Конёв, прыгая вокруг неё, советовал:
– Ты – водой его, воды дай…
Рыжий, стоя на коленях, протягивал тамбовцу кулаки и кричал:
– А он чего силой хвастал?
– За это – бить?
– А ты кто таков?
– Я?
– Самый ты?!
– Я те вот шаркну ещё раз…
Остальные горячо спорили о том, кого надо считать зачинщиком драки, а вертлявый паренёк, всплескивая руками, умолял всех:
– Оставьте шум! Чужая сторона, строгости и всё… а, б-боже мой!
Уши у него странно оттопырены, кажется, что если он захочет, то может прикрыть ушами глаза.
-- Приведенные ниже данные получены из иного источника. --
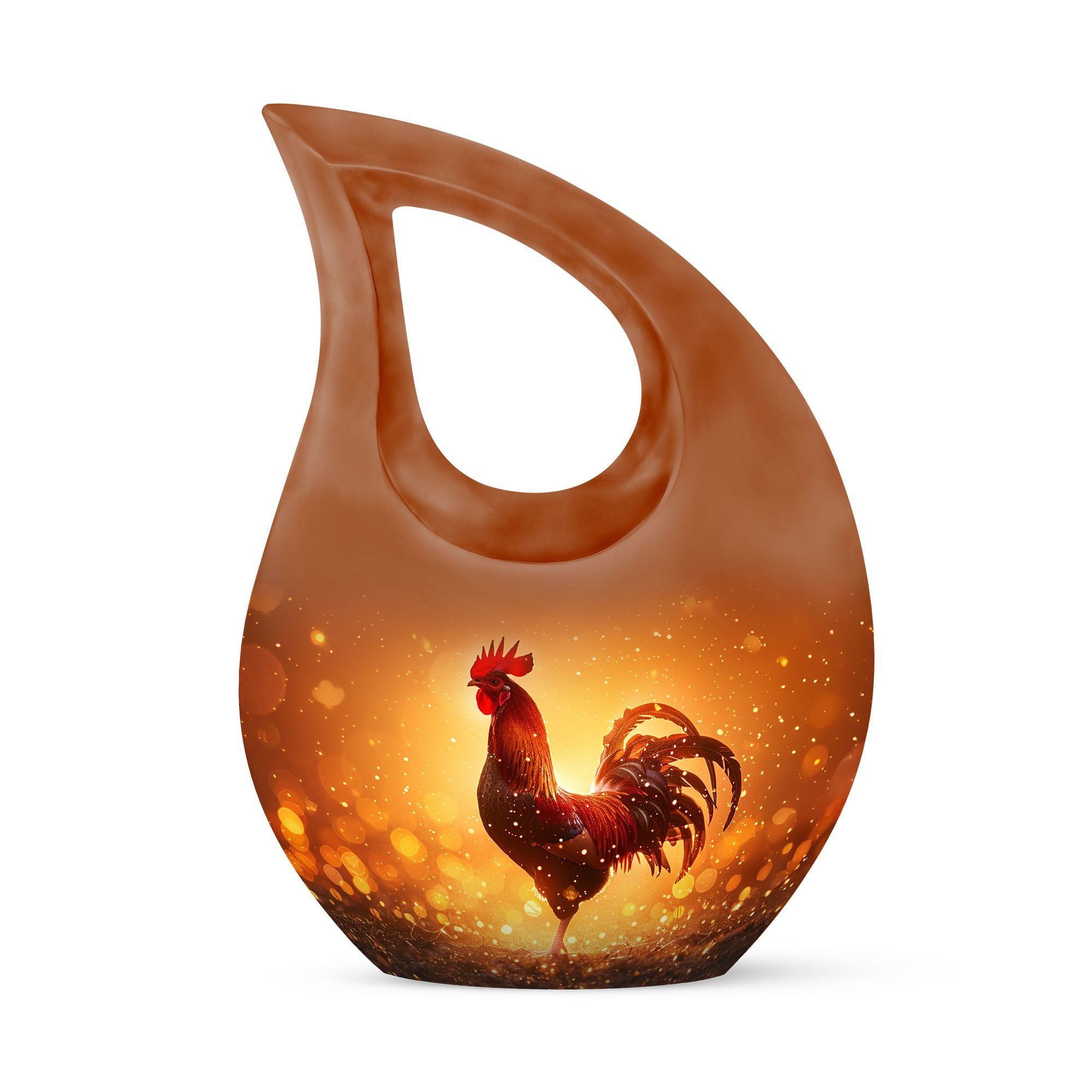 Celebrate the life of a loved one by immortalizing their ashes in our exclusive Cross Drop Chicken Urn. Providing solace in anointing a final resting place, this 10-Inch Large urn goes beyond the ordinary, encasing the ashes in a sophisticated Aluminium composition. We understand that a life well-lived is unique and hence, offer the option to personalize it with engraved names. With a capacity of 200 cubic inches, this urn can hold the ashes of adults and seniors alike. It is light, weighing just 3.3 pounds, yet durable; beautifully capturing the profoundness of passing. Making it a seamless experience, it comes with a velvet pouch to contain and transfer the ashes. This Chicken-themed urn is a unique selection compared to typical Cremation Containers, Burial Urns or Cremation Boxes. Highly sought after, this memorial urn is within the Best Urns for Ashes category. Embrace the delightful memories and encapsulate them in our stunning urn, making it a timeless reminder of serene life spent.

Вдруг в красном небе гулко вздохнул колокол, заглушив все голоса, и в то же время среди толпы очутился молодой казак с палкой в руке, круглолицый, вихрастый, густо окроплённый веснушками.
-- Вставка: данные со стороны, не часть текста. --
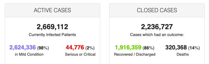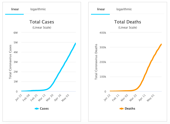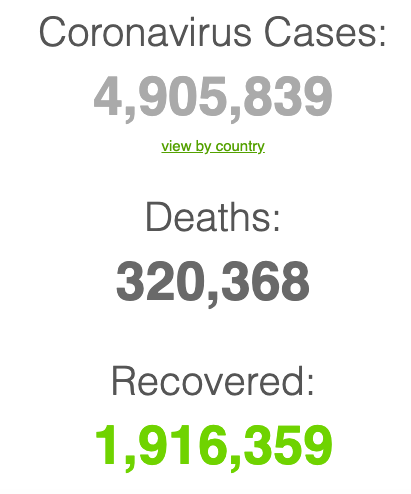 Global cases pass 4.8 million. There are 4,805,005 confirmed coronavirus cases worldwide, according to Johns Hopkins University data. The death toll stands at 318,534. US deaths, the highest worldwide, passed 90,000, and the number of cases climbed above 1.5m, according to the Johns Hopkins University tracker.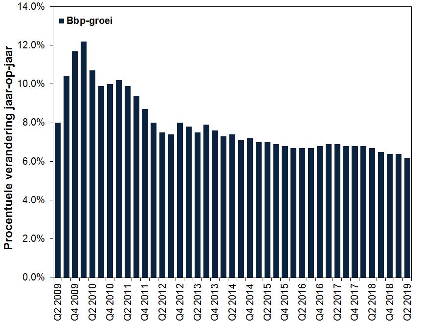Bron: FactSet, per 10/9/2019. Procentuele verandering jaar-op-jaar van het Chinese reële bbp, 2e kw. 2009 – 2e kw. 2019.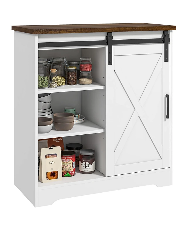 gaomon Farmhouse Coffee Bar Cabinet with Storage, 47" Wine Bar Cabinet with Sliding Barn Door, Buffet Sideboard Cabinet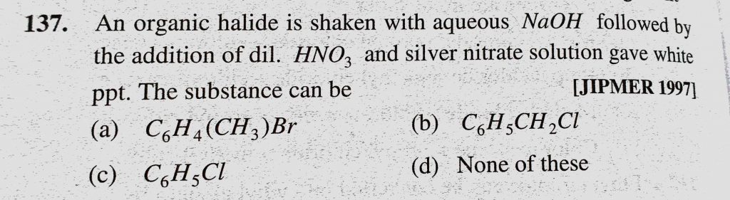 An organic halide is shaken with aqueous NaOH followed by the addition of dil. HNO3 and silver nitrate solution gave white ppt. The substance can be Reaction of alkyl halides with aromatic compounds in presence of anhydrous AlCl3 is known as (a) Friedal-Craft reaction (b) Hofmann degradation (c) Kolbe's synthesis February 8, 2021 Category: Uncategorised (JEE Advanced Physics by BM Sharma + GMP Solutions) , Facebook Messenger WhatsApp Share this:TwitterFacebook Related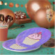 Paper plates with an illustration of a delicious looking cupcake. Pink frosting and chocolate drizzles. A yellow cupcake holder and a raspberry on top. Yummy! The background is a purple abstract texture with little hearts sprinkled around.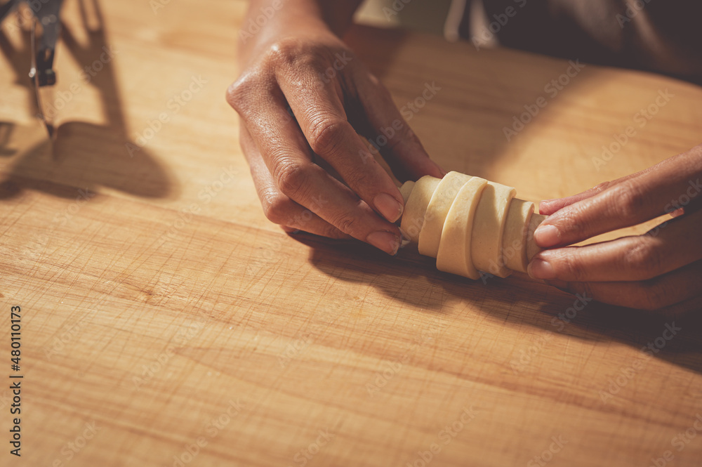 Young pastry chef making some croissant in the bakery.food concept and bakery background.
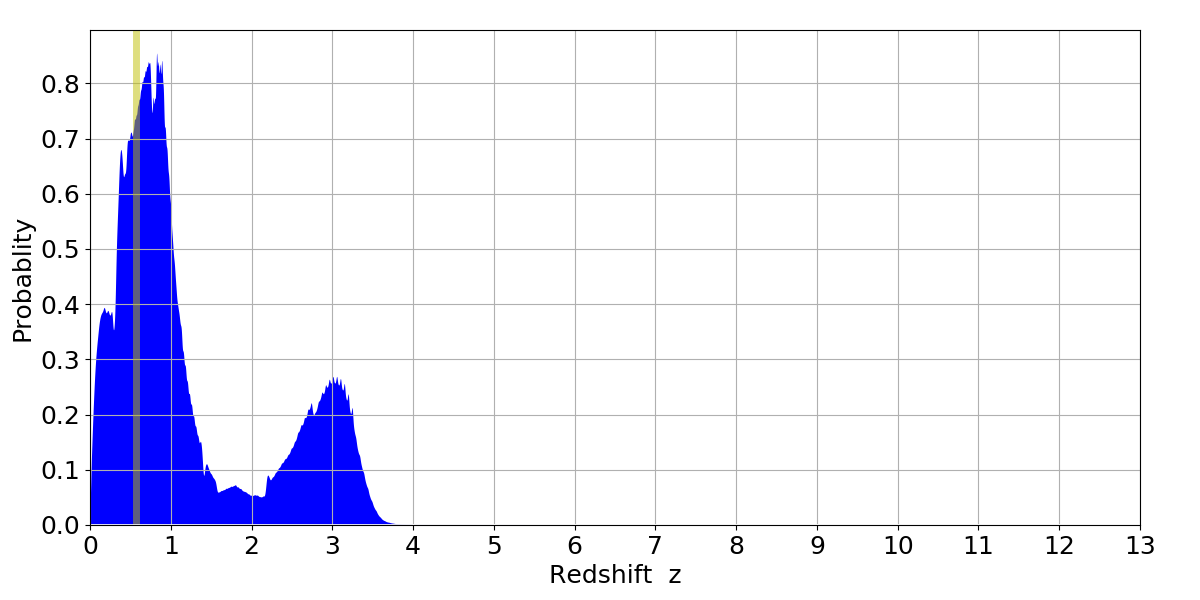 In P(z) plots: Yellow lines mark the cluster redshift z = 0.570,

– Отчего шум, стерво? – добродушно спросил он.
– Избили человека, – сказала рязанка, сердитая и красивая.
Казак взглянул на неё, усмехнулся.
– Где спите?
Кто-то неуверенно сказал:
– Тут.
– Не можно. Ще церкву обворуете… Гайда до войсковой, тамо вас разведуть по хатам.
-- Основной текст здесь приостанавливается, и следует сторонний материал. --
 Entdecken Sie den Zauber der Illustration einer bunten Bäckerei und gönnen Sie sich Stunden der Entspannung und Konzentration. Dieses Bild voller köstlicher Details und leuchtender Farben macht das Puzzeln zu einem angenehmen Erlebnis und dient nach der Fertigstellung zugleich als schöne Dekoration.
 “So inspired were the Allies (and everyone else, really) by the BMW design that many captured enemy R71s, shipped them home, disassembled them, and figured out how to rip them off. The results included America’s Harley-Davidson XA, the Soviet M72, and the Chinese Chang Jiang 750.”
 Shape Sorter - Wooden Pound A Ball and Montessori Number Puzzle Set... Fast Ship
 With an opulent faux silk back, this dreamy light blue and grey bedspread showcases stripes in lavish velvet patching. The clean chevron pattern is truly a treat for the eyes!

– Вот это – ничего! – говорил Конёв, идя рядом со мною. – Это всё-таки…
– Ворами нас считают, – сказал я.
– Так – везде! Это и у нас тоже полагается. Осторожность: про чужого всегда лучше думать, что он вор…
А рязанка шла впереди нас рядом с толстомордым парнем; он раскис и бормотал что-то невнятное, а она, высоко подняв голову, чётко говорила тоном матери:
– Ты – молоденький, тебе не надо с разбойниками якшаться…
Медленно бил колокол, и встречу нам со дворов выползали чисто одетые старики и старухи, пустынная улица оживала, коренастые хаты смотрели приветливее.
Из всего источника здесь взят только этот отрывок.